Thanks for the response.  Comments below...

> MSDN does not list pipe handles as waitable with WaitForMultipleObjectsEx
> (only a user comment at the end does).

That is true.  One would rightfully assume that it's not supported.  I have
assumed that myself in the past when working on asynchronous code for pipes
for a completely unrelated application.

However, their own .NET Framework 4.0 does this, so it must be at least
supported on some undocumented level.  This is the stock version of the
framework available on Windows 8; the older version that does not have the
wait, NETFX 2.0, is not installed by default.  And of course, the older
version doesn't have any of the new features available in NETFX 4.x - of
which there are many.  Sadly, "fixing" the code in the .NET Framework to use
a "supported" asynchronous mechanism is not realistic.  Nobody except
Microsoft can patch the .NET Framework, unfortunately... (it is not
(L)GPL!!)  The reference code is just for debugging and learning; you can't
use it to modify anything.

Here is the reference source code:

http://www.dotnetframework.org/default.aspx/4@0/4@0/untmp/DEVDIV_TFS/Dev10/R
eleases/RTMRel/ndp/clr/src/BCL/System/IO/__ConsoleStream@cs/1305376/__Consol
eStream@cs

Check line 192 for a call to the WaitForAvailableConsoleInput function.  I
was unable to find the source code for that function, which is an internal
C/C++ function (this is a mixed-mode assembly).  However, I was able to
determine that function calls PeekNamedPipe followed by
WaitForMultipleObjectsEx using the very handy freeware API Monitor from
rohitab.com.  Using this tool I also learned the exact parameters that they
pass to each of those functions, and then distill it into a C program that I
sent in my original message that reproduces the issue on my machine.
	
This WaitForAvailableConsoleInput function is new to .NET Framework 4.0, and
according to the comment, was added in order to prevent the ReadFile call
from blocking in order to support aborting a thread.  I think both of us can
probably suggest better ways of handling this that uses a supported
mechanism.  But this is how they did it. :(

As mentioned in the original message, this pattern of PeekNamedPipe &
WaitForMultipleObjectsEx doesn't cause any problems except with Cygwin for
reasons that are currently unknown to me.

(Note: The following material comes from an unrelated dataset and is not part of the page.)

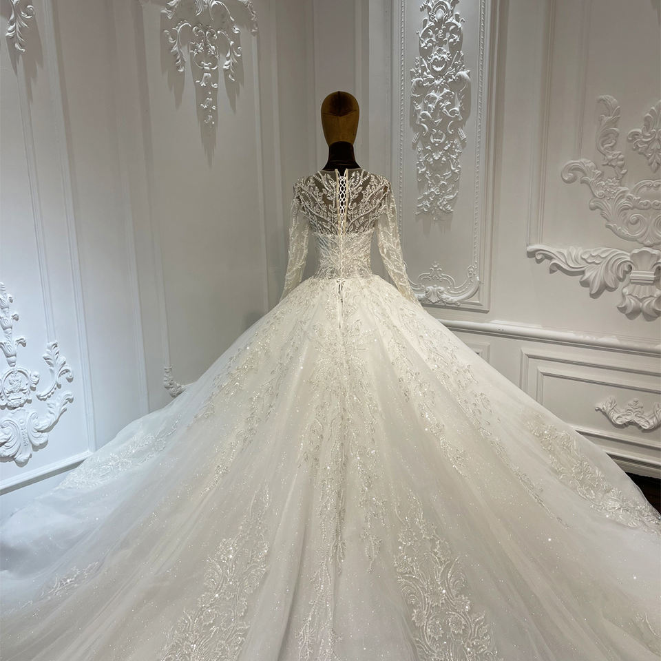For LSCJ30 Elegant Long Sleeve Modern Bridal Wedding Ball Gown Dress with Chapel Train Lace Crystal Appliques
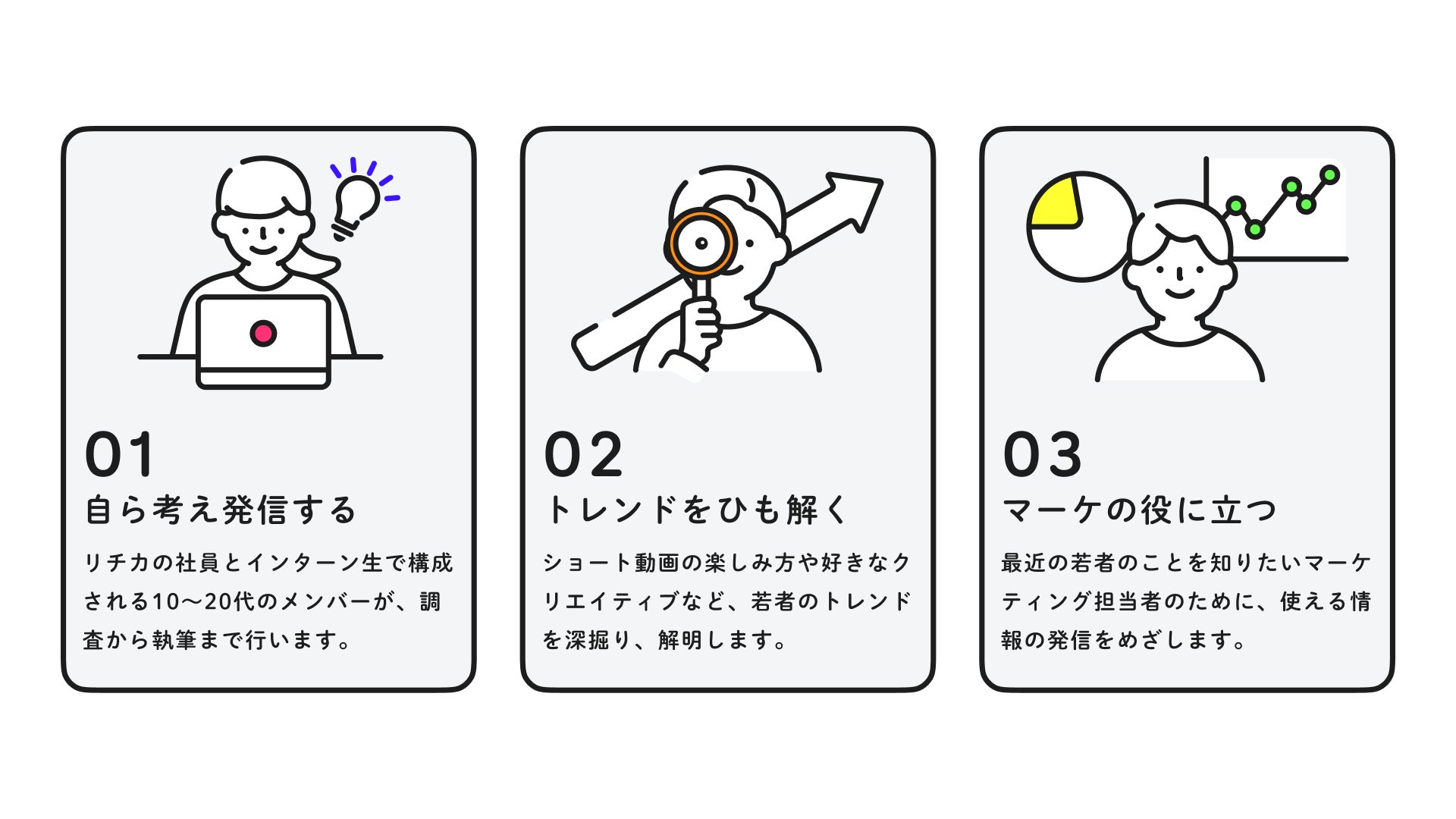 当社の『最近の若者研究所』は、若者ひとりひとりと向き合うマーケティング機関として設立しました。最近の若者はホントにいろんな価値観があって、世代でひと括りにすることなんてなかなか難しいと考えています。そのため、近年需要が高まっているショート動画を通じて、10代〜20代自らが最近の若者のホンネを引き出し、最新のトレンドや情報・価値観を調査していきます。「最近の若者研究所(わかけん)」は、動画をはじめとするクリエイティブに強みを持つリチカのマーケティング機関として、たくさんの企業のお客さまの「知りたい」「試したい」をベースに、お客さまに本当に役に立つ情報の発信をめざしていきます。

> If you trace execution without
> PeekNamedPipe(), you'll see that WaitForMultipleObjectsEx() returns
> immediately, and that it is ReadFile() that blocks and waits for the input
> (which will be supplied after 3 seconds).

Right; this is very strange and contrary to what one would naturally expect
if WaitForMultipleObjectsEx was supported on named pipes (which it
apparently is at least on some undocumented level, if their own .NET
Framework 4.0 is doing it).  Intuitively, peeking something shouldn't affect
any synchronization.  Yet it does...  (Perhaps waiting on a pipe is not
"fully" supported and Cygwin found an edge case!)

> --quote--
> Is it possible to wait for data to be available on a non-GUI-based console
> input? The issue is that WaitFor* methods do not support PIPE handles and
> therefore STDIN is not supported if the process input is fed from another
> process, e.g. using the pipe | functionality of cmd.
> 
> The only way I know to query a pipe for data without actually reading the
> data is to use PeekNamedPipe(), but then you lose the ability to wait on a
> timeout effectively, because it has no timeout so you would have to
> implement a manual loop instead.
> --quote--

Indeed; there is no clean solution.  All the ideas that come to mind have
problems:

 * WaitForMultipleObjectsEx: not officially supported, as previously noted.
 * Overlapped I/O: perfect supported solution except requires the pipe to be
initialized to support that, which probably wasn't done.
 * PeekNamedPipe in a busy loop as suggested in the quote: (1) high CPU
utilization, (2) and/or high latency on the pipe, due to unnecessary
sleeping, (3) your code stays active in memory and can't be paged out to
disk, (4) all the above kills power efficiency...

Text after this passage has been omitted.